Acid-base interactions in microbial adhesion to hexadecane and chloroform

Acid-base interactions play an important role in adhesion, including microbial adhesion to surfaces. Qualitatively acid-base interactions in microbial adhesion can be demonstrated by comparing adhesion to hexadecane (a negatively charged interface in aqueous solutions, unable to exert acid-base interactions) and chloroform (able to exert acid-base interactions) from aqueous suspensions of microorganisms. For 31 different microbial strains (4 Escherichia coli, 4 Enterococcus faecalis, 4 lactobacilli, 10 staphylococci, 9 streptococci) in low and high ionic strength potassium phosphate buffers, adhesion to chloroform was initially faster and in a stationary end-point more extensive than to hexadecane, due to acid-base interactions additionally operative from chloroform.
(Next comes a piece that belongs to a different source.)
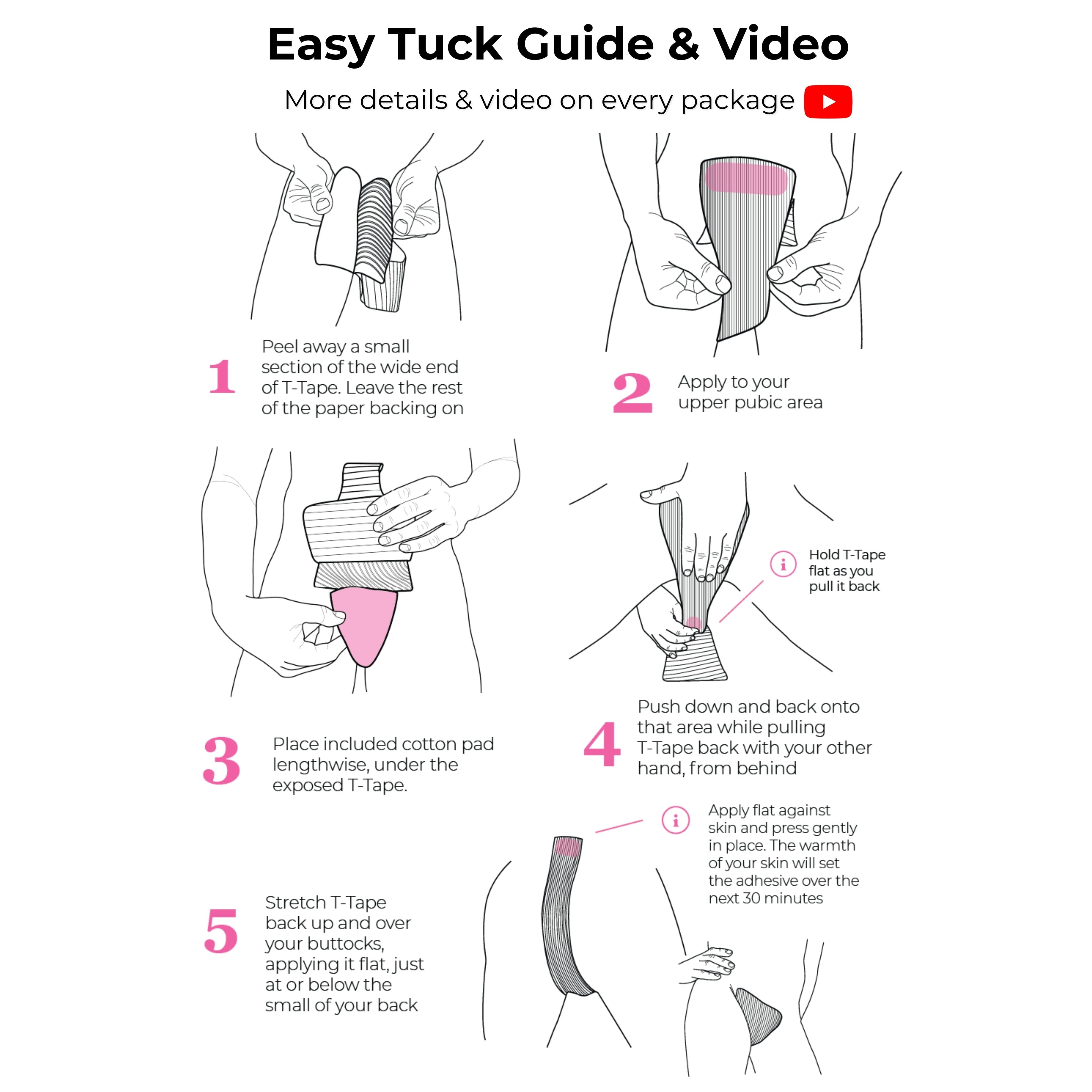 Tucking with Tuck Kit 2 is pain-free, by design. We use a soft, sterile cotton pad and hypoallergenic acrylic adhesive— both are clinical grade, and super breathable. The result is a product that stays put, but also moves with you and will never tug harshly on the skin when removed.
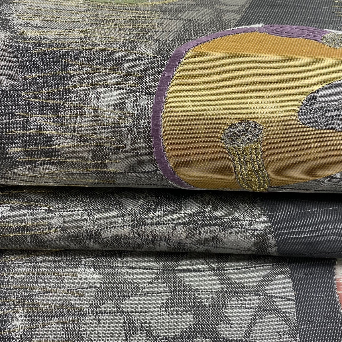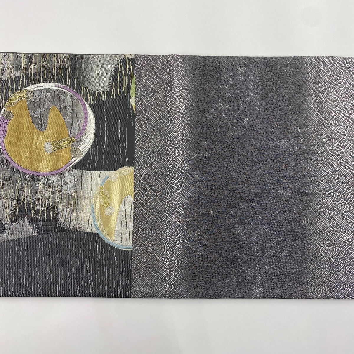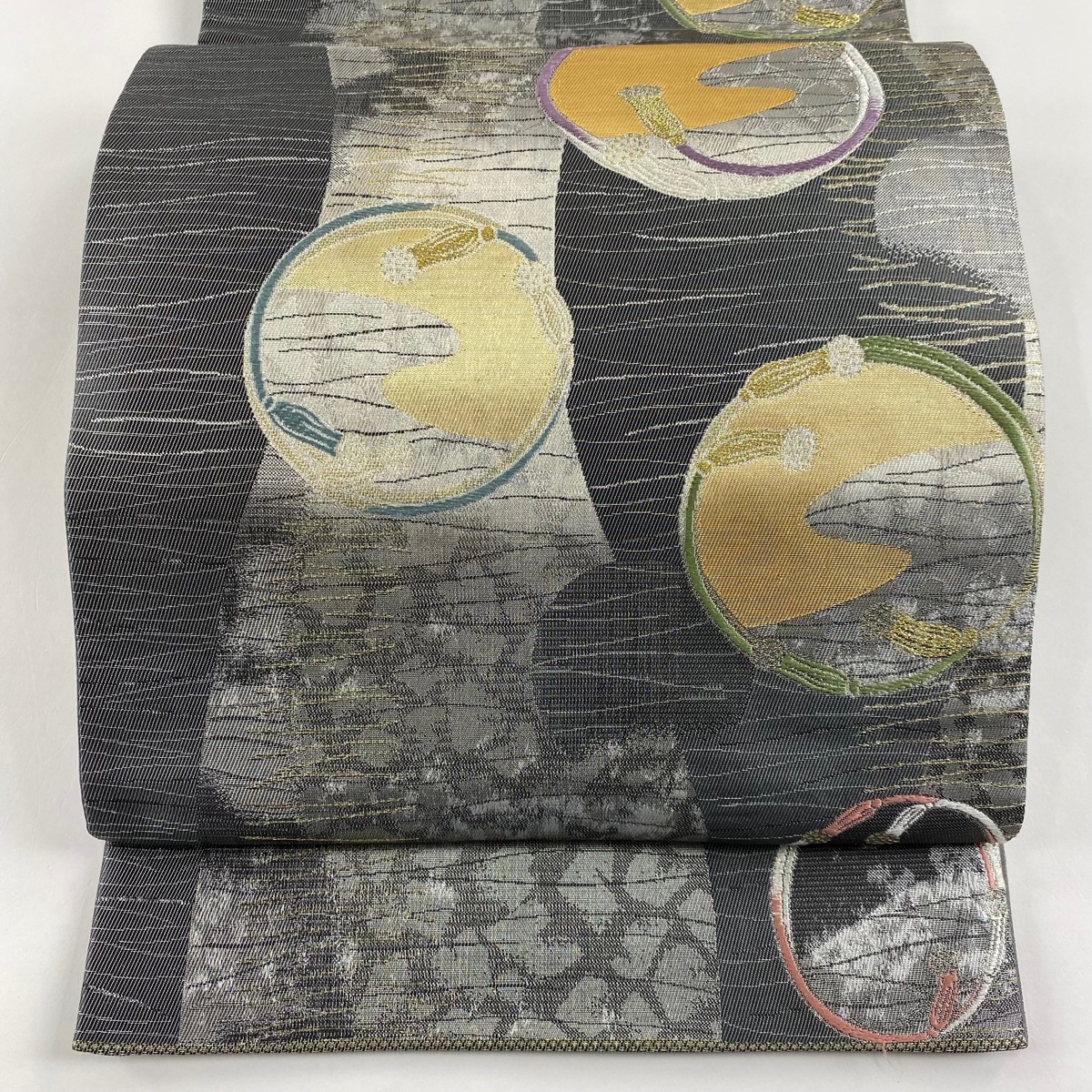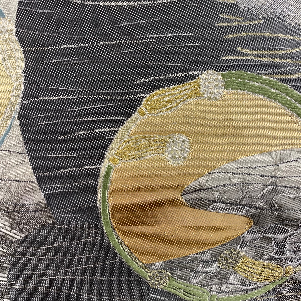 | 袋帯 美品 秀品 証紙 四季彩々 流水 組紐 箔 金糸 灰色 六通 正絹 【中古】 |

However, a quantitative surface thermodynamical analysis of acid-base interactions based on water, formamide, methylene iodide and a-bromonaphthalene contact angles failed to explain the adhesion data obtained at low ionic strength, likely because of interference of electrostatic interactions. A weak relationship between initial removal rates and the acid-base interfacial free energy of adhesion was observed for the high ionic strength data, provided the analysis was confined to strains with an absolute zeta potential less than 15 mV. Similarly, a weak relationship was obtained between the Gibbs free energy of partitioning, calculated from the stationary end-point adhesion of the strains, and the acid-base interfacial free energy of adhesion. It is concluded that acid-base interactions play a definitive role in microbial adhesion, but the extent to which thermodynamically determined acid-base interactions eventually become operative in microbial adhesion may vary from strain to strain due to the presence of structural appendages and chemical heterogeneities on microbial cell surfaces.